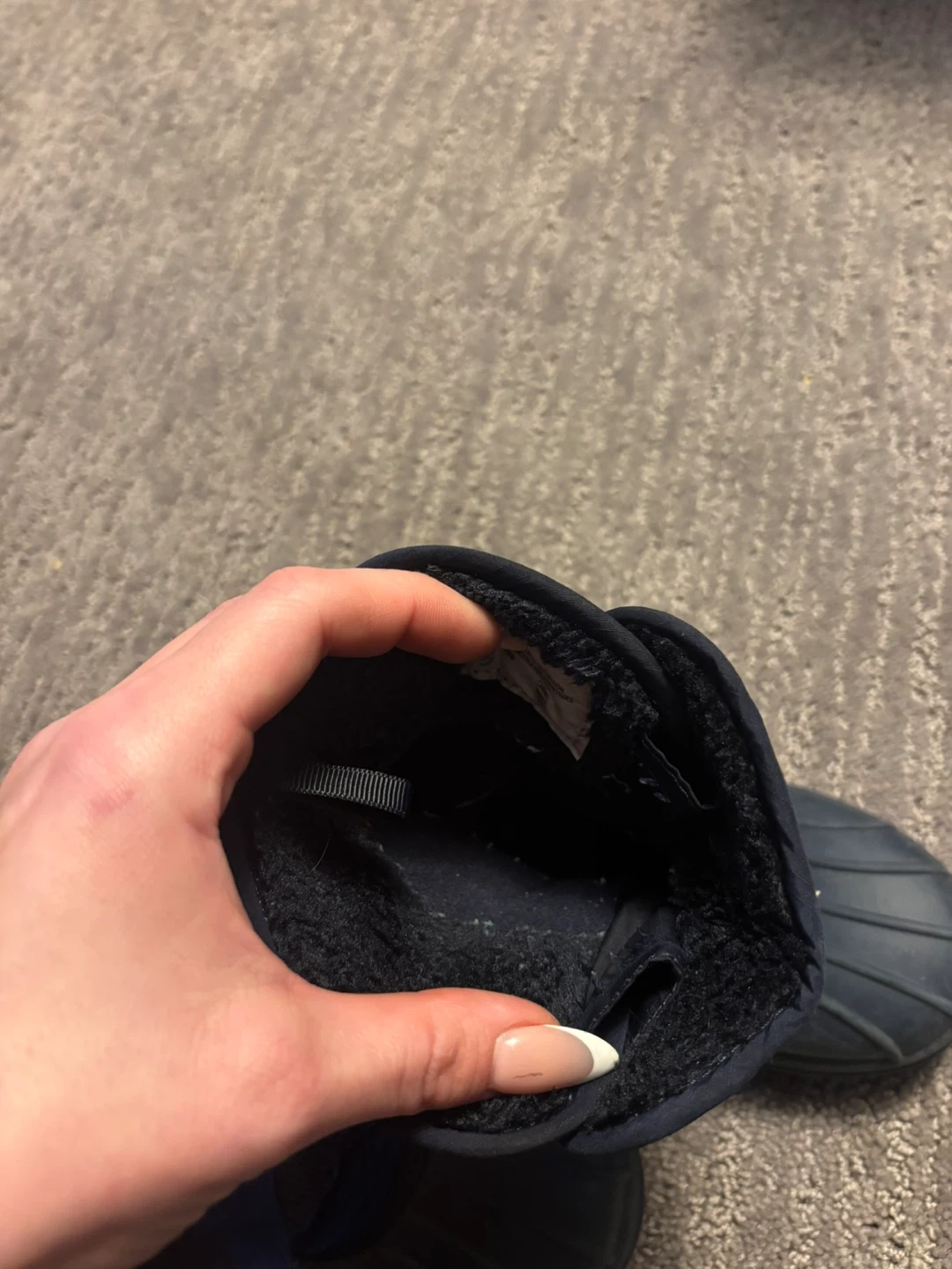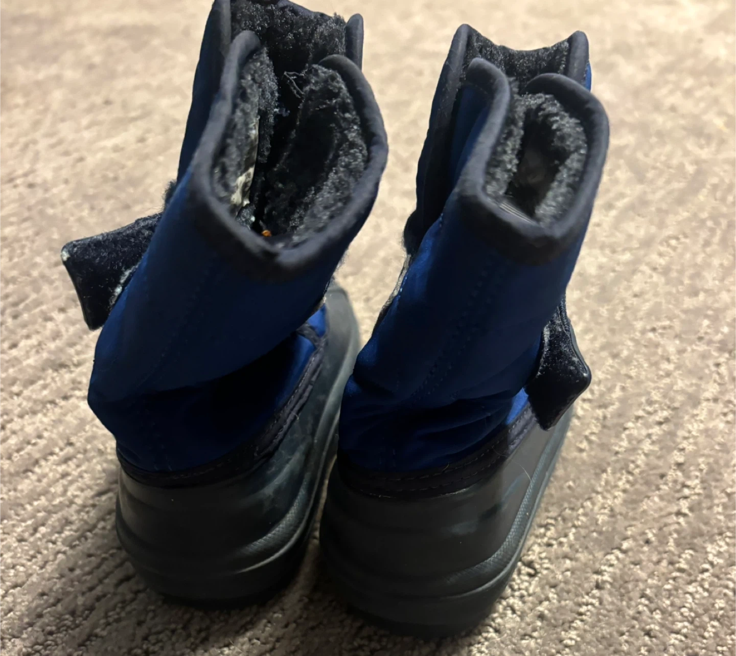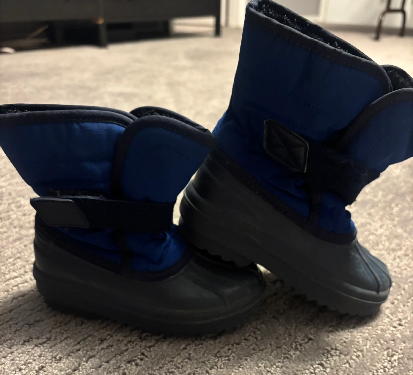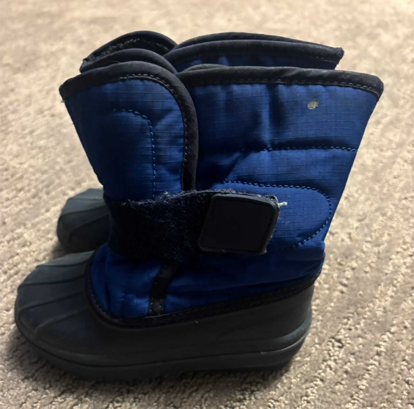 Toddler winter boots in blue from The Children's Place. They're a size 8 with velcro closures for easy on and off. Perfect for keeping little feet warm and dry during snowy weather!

---

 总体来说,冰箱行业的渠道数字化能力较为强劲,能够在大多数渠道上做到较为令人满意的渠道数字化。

==

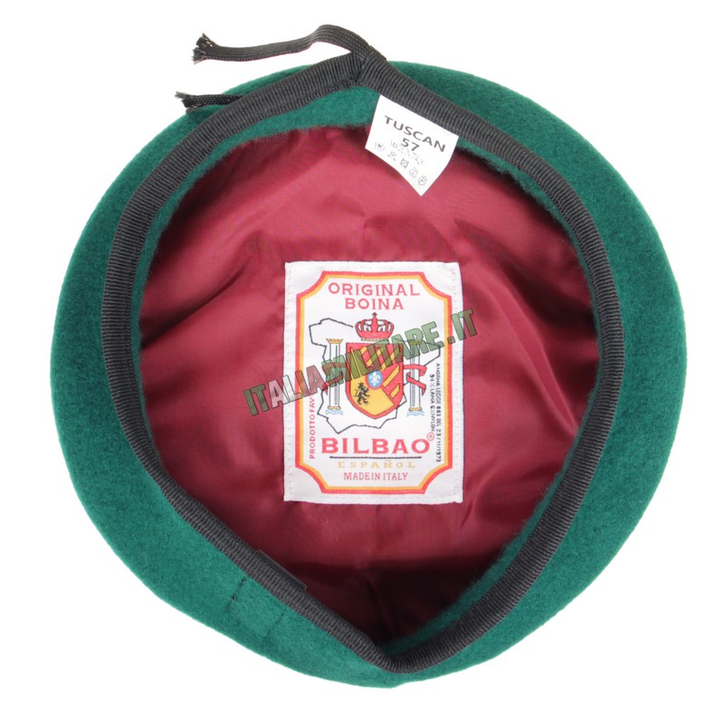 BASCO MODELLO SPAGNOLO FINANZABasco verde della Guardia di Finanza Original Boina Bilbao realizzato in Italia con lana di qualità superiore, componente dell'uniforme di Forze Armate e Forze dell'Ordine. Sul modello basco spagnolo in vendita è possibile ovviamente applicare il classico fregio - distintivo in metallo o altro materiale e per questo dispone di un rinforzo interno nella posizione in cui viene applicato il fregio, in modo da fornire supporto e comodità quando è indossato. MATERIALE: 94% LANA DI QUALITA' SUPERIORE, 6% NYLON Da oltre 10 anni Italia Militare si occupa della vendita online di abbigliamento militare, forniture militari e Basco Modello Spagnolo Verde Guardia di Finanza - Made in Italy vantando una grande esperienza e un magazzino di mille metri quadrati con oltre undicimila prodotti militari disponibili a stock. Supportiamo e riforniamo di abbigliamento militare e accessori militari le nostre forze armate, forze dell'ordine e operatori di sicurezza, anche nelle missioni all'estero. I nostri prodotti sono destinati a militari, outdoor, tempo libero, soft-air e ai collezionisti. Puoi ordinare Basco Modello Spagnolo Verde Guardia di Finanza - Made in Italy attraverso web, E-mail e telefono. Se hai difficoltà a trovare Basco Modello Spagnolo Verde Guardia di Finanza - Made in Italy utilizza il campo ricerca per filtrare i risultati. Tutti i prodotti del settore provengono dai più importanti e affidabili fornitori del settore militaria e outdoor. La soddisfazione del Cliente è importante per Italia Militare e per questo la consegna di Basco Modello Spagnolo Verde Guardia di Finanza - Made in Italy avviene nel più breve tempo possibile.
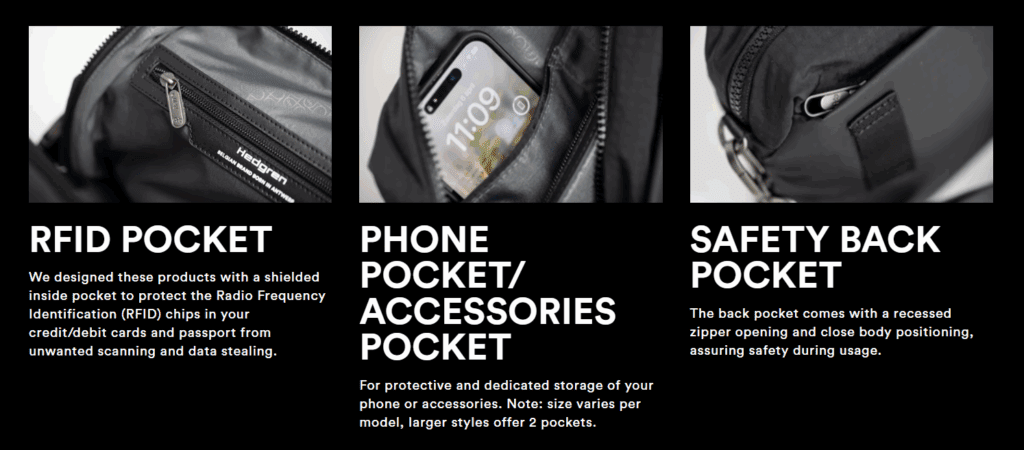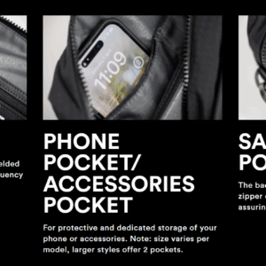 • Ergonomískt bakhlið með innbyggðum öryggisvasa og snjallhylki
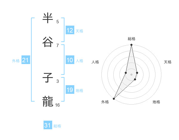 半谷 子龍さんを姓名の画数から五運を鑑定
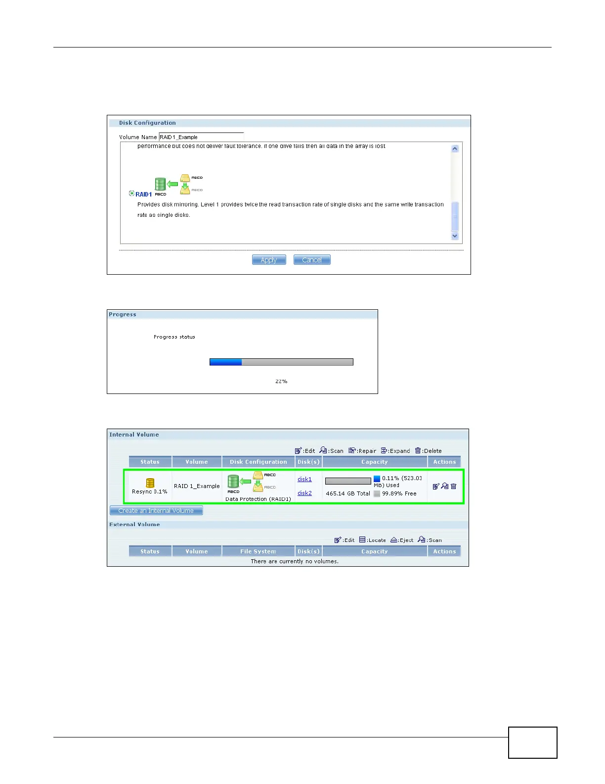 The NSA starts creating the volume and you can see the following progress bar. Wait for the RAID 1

Exercise goal — What is needed is an exact copy of the lines above from the one with "öryggisvasa og snjallhylki" to the one with "The NSA starts", both ends kept, and nothing more; please leave the pictures out.

Solution for this task —
 • Ergonomískt bakhlið með innbyggðum öryggisvasa og snjallhylki
 半谷 子龍さんを姓名の画数から五運を鑑定
 The NSA starts creating the volume and you can see the following progress bar. Wait for the RAID 1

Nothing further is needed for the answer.